A empresa que publica A Gazeta processou o advogado por danos morais “por ridicularizar a parte autora perante todos os usuários da rede social” e por macular “a imagem e a boa fama que a requerente sempre manteve perante a sociedade”.

Foto: Reprodução

Ao ler um editorial do jornal catarinense A Gazeta, de São Bento do Sul, que citava a fala do escritor Umberto Eco de que “as redes sociais deram voz a uma legião de imbecis”, o advogado Luiz Antônio Novaski ficou indignado e publicou dois textões no Facebook.

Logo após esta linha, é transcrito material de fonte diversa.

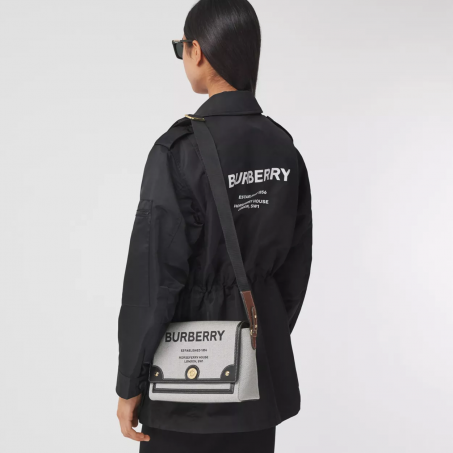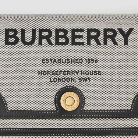 BURBERRY SMALL TRI-TONE CANVAS AND LEATHER TB BAG BLACKTAN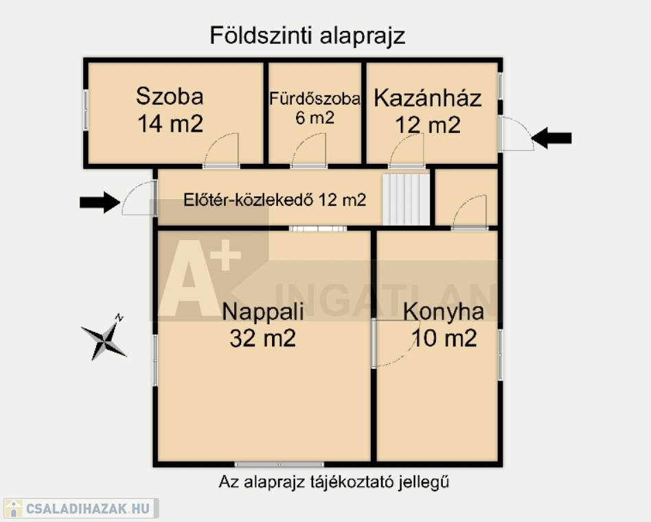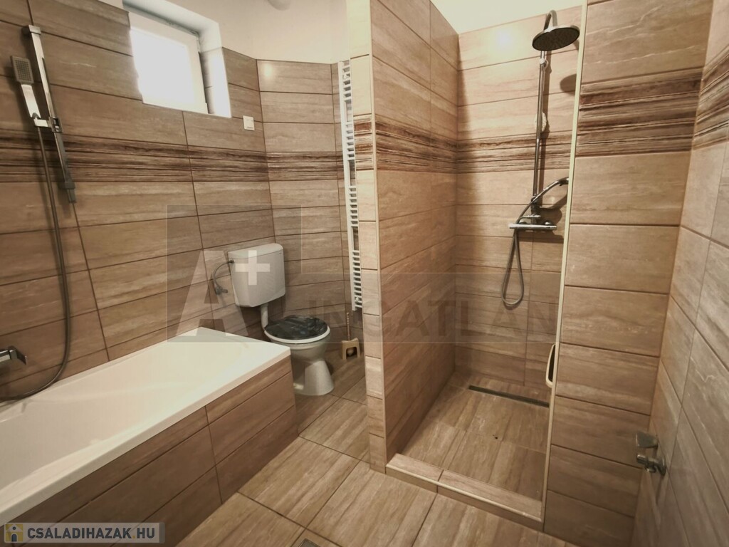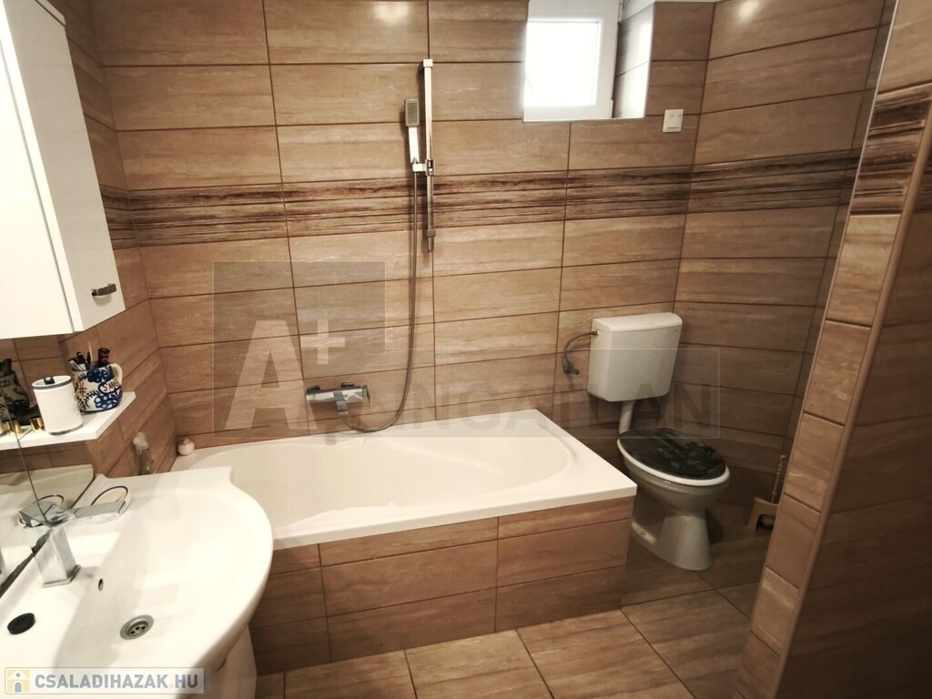 Földszint: konyha, nappali + 1 szoba, kádas fürdőszoba wc-vel, kazánház

O segundo deles dizia que o jornal servia bem para forrar o chão da lavanderia onde seus “dois cachorros dormem, para que façam seu xixi e suas fezes” e que havia “uma simbologia” “consistente em ver toda manhã a merda misturada com a merda”. O texto foi acompanhado de uma imagem do jornal com fezes em cima.

A empresa que publica A Gazeta processou o advogado por danos morais “por ridicularizar a parte autora perante todos os usuários da rede social” e por macular “a imagem e a boa fama que a requerente sempre manteve perante a sociedade”.

A Quinta Câmara de Direito Civil do Tribunal de Justiça de Santa Catarina concordou com o jornal e condenou o advogado a pagar R$ 10 mil por danos morais.

Segundo o relator Henry Petry Junior, o texto “excedeu o caráter dialético e alçou-se ao campo da ofensa” “em razão das afirmações incisivas e severas e, sobretudo, pelo uso de fotografia com página do periódico da autora coberta por líquido e massa assemelhados, respectivamente, a urina e fezes, com mácula à honra objetiva e à imagem da autora”.

O fato de o réu, com o texto e a imagem, dizer “que o periódico da ré é uma ‘merda’ é uma forma incisiva e severa, em excesso ofensivo, de discordar de seu conteúdo” e, argumenta o magistrado, “representa excesso ilícito, sendo incompatíveis com os limites da liberdade de expressão e do Estado Democrático de Direito”.

Ao definir ainda a quantia do dano moral, o relator afirmou que o réu “é advogado, atividade profissional que, pelas regras de experiência comum (art. 335 do Código de Processo Civil), tende a propiciar uma situação econômico-financeira, no mínimo, estável, notadamente pelo considerável importe dos honorários cobrados pelos serviços advocatícios, conforme tabelamento de valores mínimos elaborado pelo próprio órgão de classe”.

Luiz Antônio Novaski diz estar indignado com a condenação. “Lamento e vejo uma infeliz tentativa de censura. Vou entrar com recurso especial e recurso extraordinário não tanto pelo valor, mas para garantir meu exercício do direito de expressão”, afirmou em entrevista. O jornal, procurado, não se manifestou sobre o processo.

Na primeira instância, o juiz Romano José Enzweiler havia entendido de maneira diferente do tribunal. Numa sentença de cinco páginas, ele afirmou que ao lado da liberdade de expressão, e até para sua garantia e sobrevivência, há de se ter em conta também, como outro lado da moeda, a responsabilidade.

“Porém, da análise dos textos reproduzidos acima, apesar de possuírem eles expressões incisivas, não se pode dali inferir ofensa à honra objetiva da postulante”, decidiu. O entrevero de São Bento do Sul, em breve, deverá chegar aos tribunais superiores.